> [WORK TASK] Reproduce exactly the lines from the one containing "Based on customer" through the last line of the records below, both included. Leave out any pictures.

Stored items
------------------------------

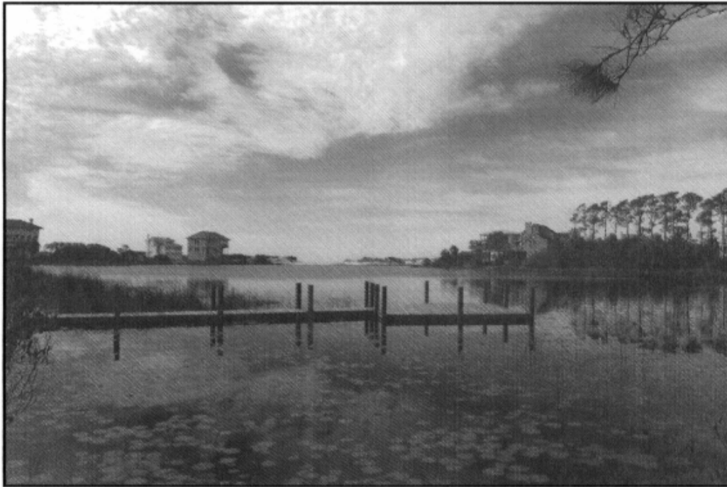
Image of Stallworth Lake in the Beach Highland Neighborhood
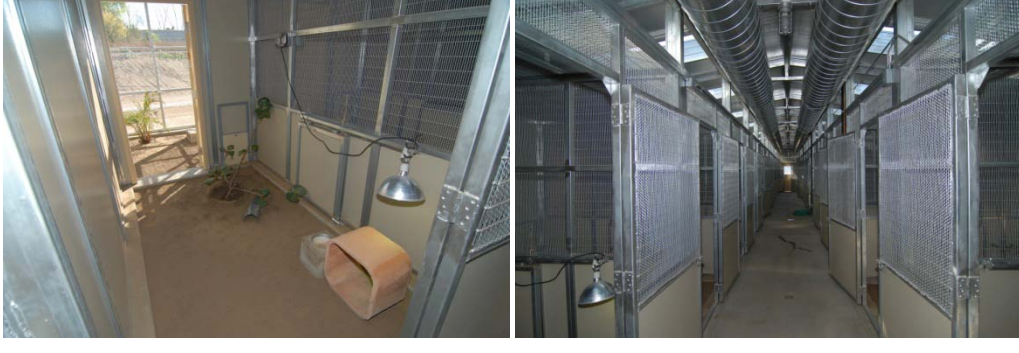
Iguana enclosure at Griffin Reptile Conservation Center showing indoor-outdoor cages planted with native Caribbean plants and palms.
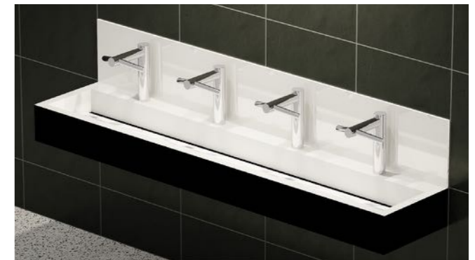
COLOUR: Staron Bright White and Onyx
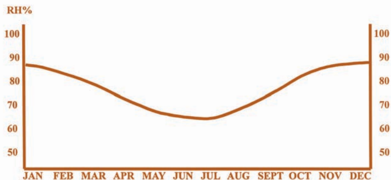
Graph 1: Seasonal relative humidity for coastal British Columbia, Canada.

After initial conditioning has taken place, timing can greatly affect the results. If a roof is installed during a season when the humidity and EMC are high, then the shingles that bridge the gap between panels will experience tension as the panels shrink slightly to adjust to the lower EMC of their annual cycle. No buckle would result in this situation. Conversely, shingles that are installed during the low end of the annual RH cycle will experience compression as the cycle progresses to higher moisture content. A shingle buckle is inevitable.
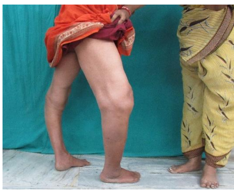
Fig. 8: Photograph of the patient in standing from the lateral side of patient planned Rt TKR
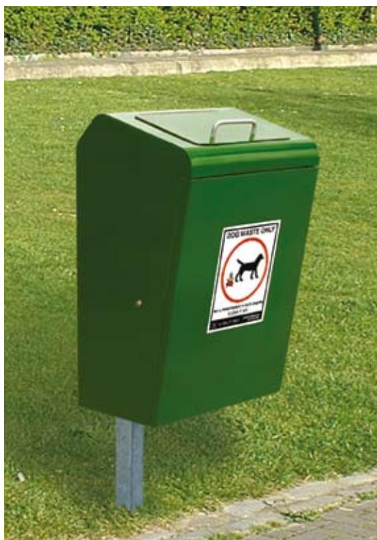
▲ LUCKY Root Mounted stocked in Red and Green as standard as supplied to Berkeley Homes, Marlow, Buckingham

Based on customer research, Furnitubes are proud to now offer the Lucky all-steel dog waste bin. The galvanised construction minimises fire damage and is extremely durable.
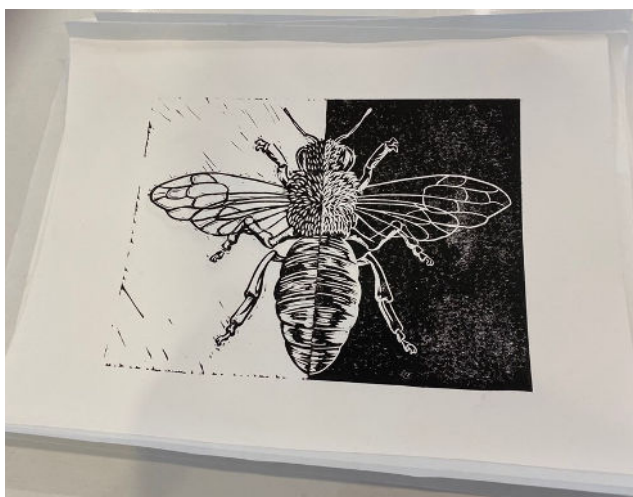
Laura's first lino print beautifully cut and printed .
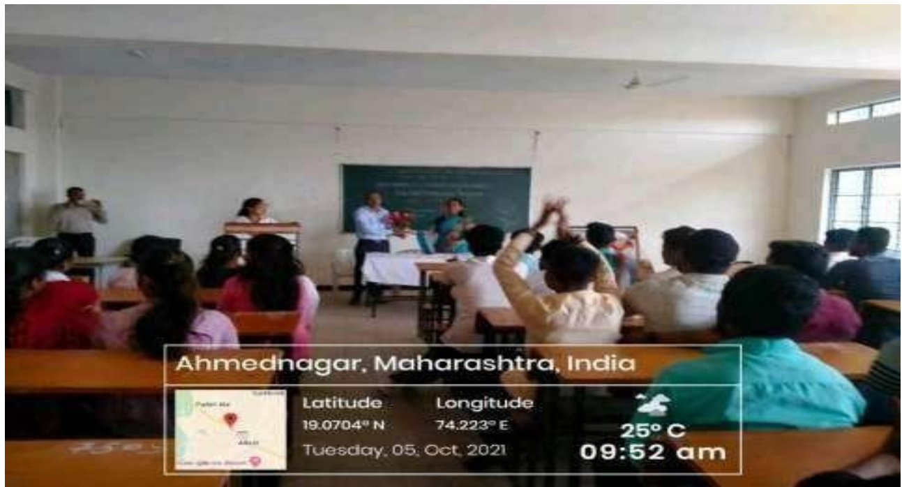
Chief Guest Felicitation Ceremony.
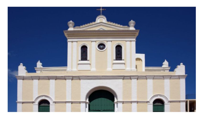
San German Cathedral in San German, Puerto Rico

Soak up the colonial history in this charming old town, with ornate mansions and delicate churches harking back to the boom days of sugar and coffee.

------------------------------

> [EXPECTED ANSWER]
Based on customer research, Furnitubes are proud to now offer the Lucky all-steel dog waste bin. The galvanised construction minimises fire damage and is extremely durable.
Laura's first lino print beautifully cut and printed .
Chief Guest Felicitation Ceremony.
San German Cathedral in San German, Puerto Rico

Soak up the colonial history in this charming old town, with ornate mansions and delicate churches harking back to the boom days of sugar and coffee.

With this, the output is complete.